The mayor-elect also announced Catherine Almonte Da Costa as Director of Appointments. Da Costa — who worked in the Office of Appointments during the de Blasio administration — will oversee recruiting and hiring efforts for the new administration.

Mamdani has criticized the city’s current hiring process, which he said forces candidates to wait months for final approval as jobs sit empty, leaving city agencies understaffed and unable to provide quality service to New Yorkers.
More than 70,000 people have already applied to work in the Mamdani administration, and the mayor-elect has promised that applicants will be chosen based on their work, not existing political connections.
“Too often, government fails to attract talent. But New Yorkers deserve excellence, expertise, leadership equal to the scale of the challenges that we face,” Da Costa said. “Delivering for New Yorkers means building a government that is both mission driven and deeply capable, a government staffed by diverse leaders with skill and the experience to turn vision into results.”

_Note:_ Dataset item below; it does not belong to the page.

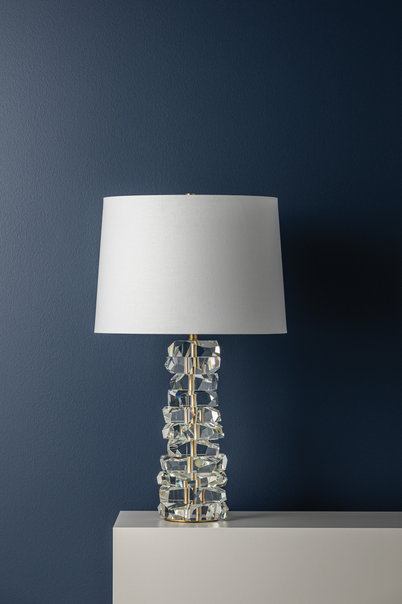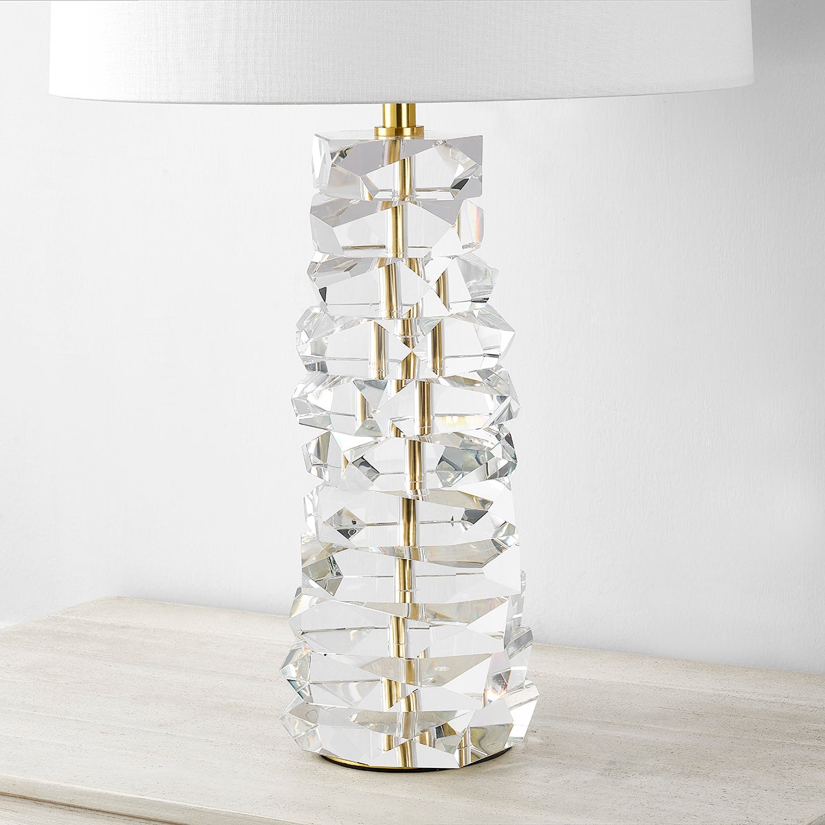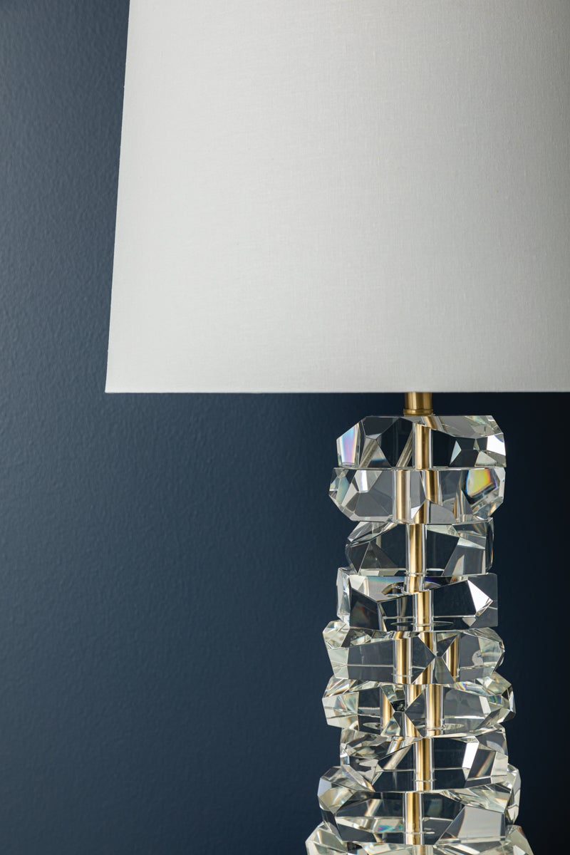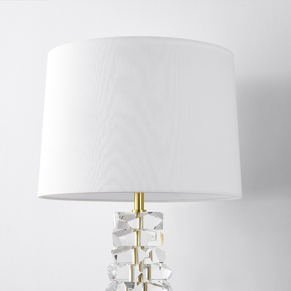 Reminiscent of sparkling diamonds or a tower of ice cubes, this luxurious table lamp is a celebration of artisanship. Composed of stacked crystals, it sparkles when lit, reflecting and refracting light in all directions. The elegant and timeless white linen shade balances the opulent nature of the crystal base.

Da Costa, who is also part of Mamdani’s transition team, said she has already begun reaching out to potential staffers. She expected “hesitation from folks,” she said, but has instead found “passion, urgency, and an overwhelming desire to serve.”
Since he was elected, Mamdani has announced just four City Hall staffers: Deputy Mayor Dean Fuleihan, Chief of Staff Ella Bisgaard-Church, Edwards, and Da Costa. The mayor-elect, who is set to be sworn in on Jan. 1, said he expects to make additional staffing announcements later this week.